Washington, May 1
Do you know that an exoplanet has a day that lasts only eight hours – much quicker than any planet in the solar system as its equator is moving at almost 100,000 kms per hour?
Observations from European Southern Observatory’s Very Large Telescope (VLT) have, for the first time, determined the rotation rate of an exoplanet ‘Beta Pictoris b’ that has been found to have a day that lasts only eight hours.
It is not known why some planets spin fast and others more slowly.
“This first measurement of an exoplanet’s rotation shows that the trend seen in the solar system also holds true for exoplanets. This must be some universal consequence of the way planets form,” explained co-author Remco de Kok.

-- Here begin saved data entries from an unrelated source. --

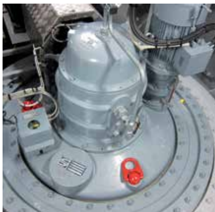
一个 Schottel 推进器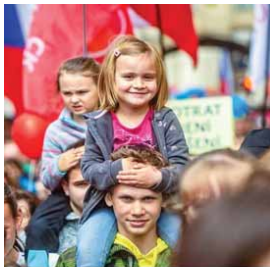
(jš) Foto z pochodu pro život 2019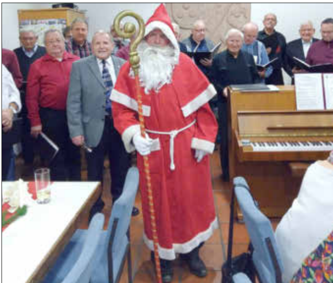
St. Nikolaus mit den Sängern bei der Weihnachtsfeier des MGV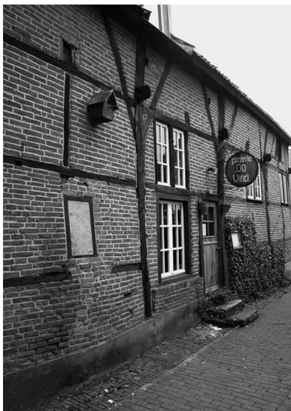
De zijgevel van het 17 de -eeuwse vakwerkhuis aan de Bierstraat.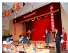
校長親臨會場給予同學嘉勉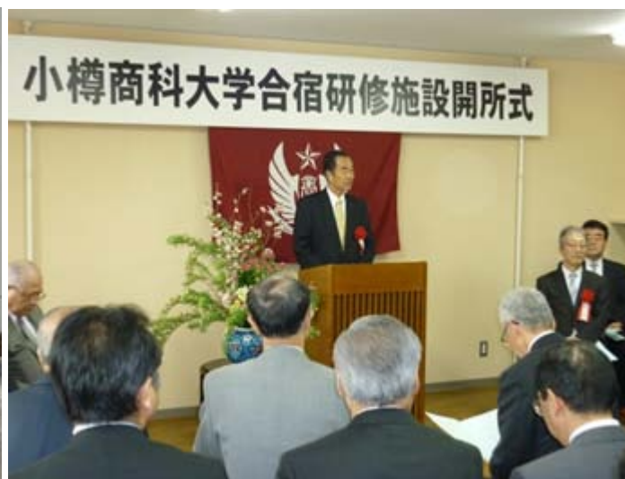
(齊藤緑丘会理事長からの挨拶)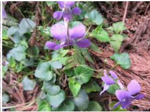
オオタチツボスミレ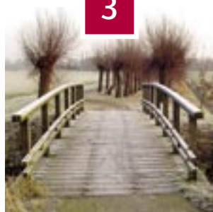
Over de brug met MIOK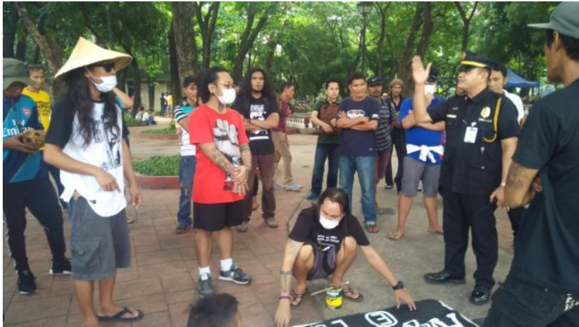
Figure 25. FNB volunteers , kaharap ang hepe sa seguridad ng Luneta Park, Semptember 21, 2017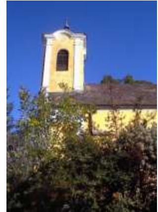
Opovacska (ma református) templom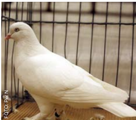
Bergenstomler - hvit.

Med så varierende typer i burene var det litt overraskende at utstillerne som var tilstede i hallen ikke tok kontakt med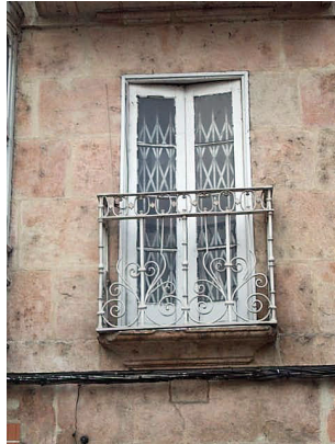
San Juan 1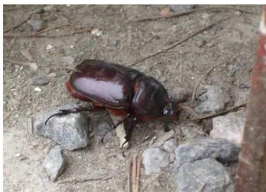
Oryctes nasicornis (E. Cohin)

nous signale la présence à Bouaye du Rhinocéros ( Oryctes nasicornis ), avec une femelle photographiée le 18/06, et PT observe le 24/06 à Ab-baretz, sur un site où elle est connue depuis longtemps, Cicindela hybrida , une cicindèle d'ordinaire inféodée aux zones sablonneuses essentiellement littorales.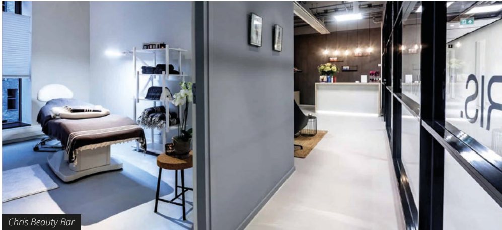
Chris Beauty Bar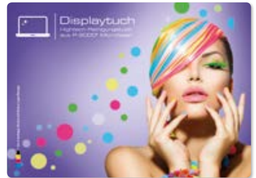
Ansicht des fertigen Displaytuchs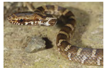
Mastigodryas melanolomus Corredora, Zumbadora juvenil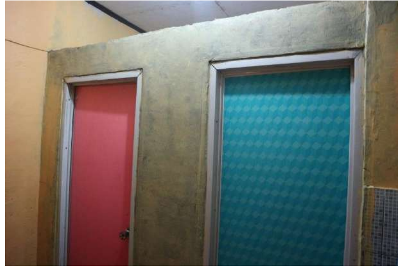
Penambahan Kamar Mandi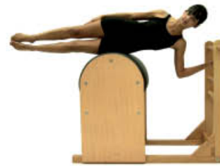
1. Inspire. Mantenga posición de inicio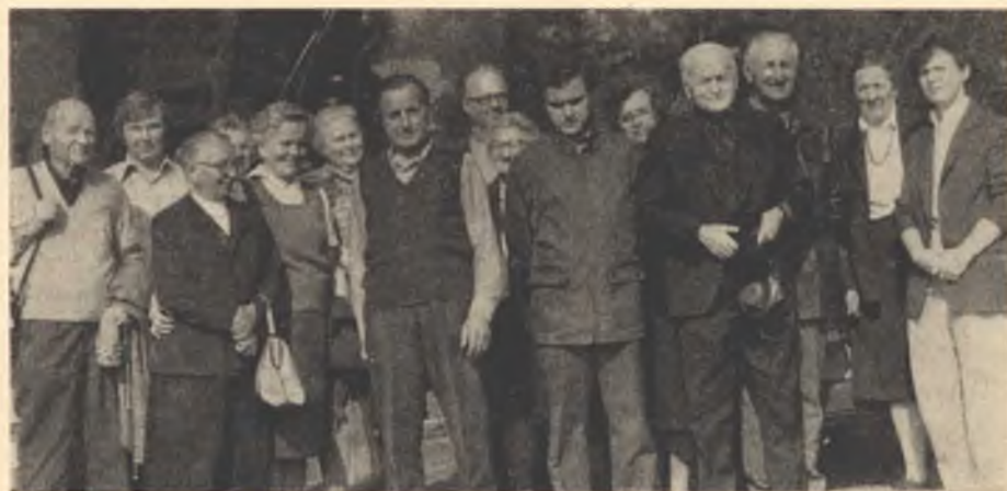
Wobdžělnicy serbskeho tydženja w Janskich Laznjach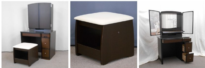
ドレッサー(コンセント付) イス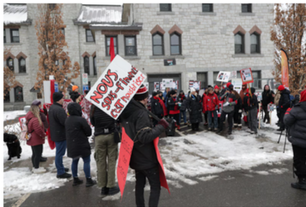
Plusieurs personnes de différents organismes communautaires se sont réunies lundi matin au centre Richard-Goulet.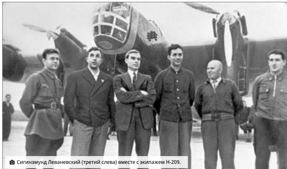
Сигизмунд Леваневский (третий слева) вместе с экипажем Н-209.

- Версии, куда мог упасть самолет Леваневского, были самыми разными. Помню, где-то в 1981-1983 годах в журнале «Техника молодежи» выходила целая серия материалов на эту тему. Одна из версий гласила, что после прохождения Северного полюса самолет занесло в Якутию. Там даже видели какое-то захоронение, но оно оказалось никак не связано с экипажем Леваневского. Была версия, что самолет заметили в Гренландии. Н-209 вез коммерческий груз, официально - пушнину. Но ходили слухи, что на его борту находились слитки золота для компартии США. Кстати, в том числе и для осуществления таких трансполярных полетов в то время проходила экспедиция во главе с Иваном Папаниным. Ученые на дрейфующей станции собирали и отправляли метеорологические данные.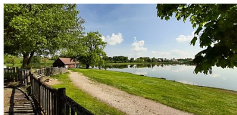
Camping Les Marins

Mis à jour par ... : Office de Tourisme des Combrailles - 15/07/2022 <a onclick="this.href=this.href.replace('LIENCOURANT', encodeURIComponent((location.href.indexOf('file:///') === 0 ? 'rando-savoie-mont-blanc.cirkwi.com/' + location.hash : location.href)));" href="mailto:evelyne.ceroni@tourisme-combrailles.fr?subject=Problème avec une fiche : Camping Les Marins&body=Bonjour,%0D%0A%0D%0ACette demande provient du réseau de diffusion Cirkwi connecté à Apidae. Elle concerne la fiche suivante : LIENCOURANT %0D%0A( fiche https%3A%2F%2Fbase.apidae-tourisme.com%2Fpermalink%2Fconsulter%2Fobjet-touristique%2F884238%2F)%0D%0A%0D%0A Je voulais vous signaler le problème suivant : %0D%0A">Signaler un probleme</a>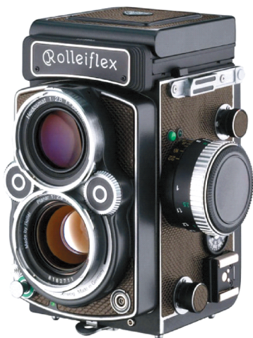
图1-10 双镜头反光相机

我们的全称叫做“双镜头反光相机”，不同于单反，像图1-10那样我们拥有两只镜头。我们上面的镜头是用来取景的，而下面的镜头是用来拍摄的。

This new result extends the relation between mass and rotation seen in the solar system to exoplanets.
In this case, ‘Beta Pictoris b’ is a very young planet, only about 20 million-years old (compared to 4.5 billion years for the earth).
This planet was discovered nearly six years ago and was one of the first exoplanets to be directly imaged.
Over time, the exoplanet is expected to cool and shrink, which will make it spin even faster.
“On the other hand, other processes might be at play that change the spin of the planet. For instance, the spin of the earth is slowing down over time due to the tidal interactions with our moon,” astronomers said.
During the study, the astronomers made use of a precise technique called high-dispersion spectroscopy to split light into its constituent colours – different wavelengths in the spectrum.
This technique is closely related to Doppler imaging which has been used for several decades to map the surfaces of stars.
“The new technique can be used on a much larger sample of exoplanets with the superb resolution,” said Bernhard Brandl, principal investigator of Mid-infrared E-ELT Imager and Spectrograph (METIS).
Similar techniques will allow astronomers to map exoplanets in detail in the future with the European Extremely Large Telescope (E-ELT), he said.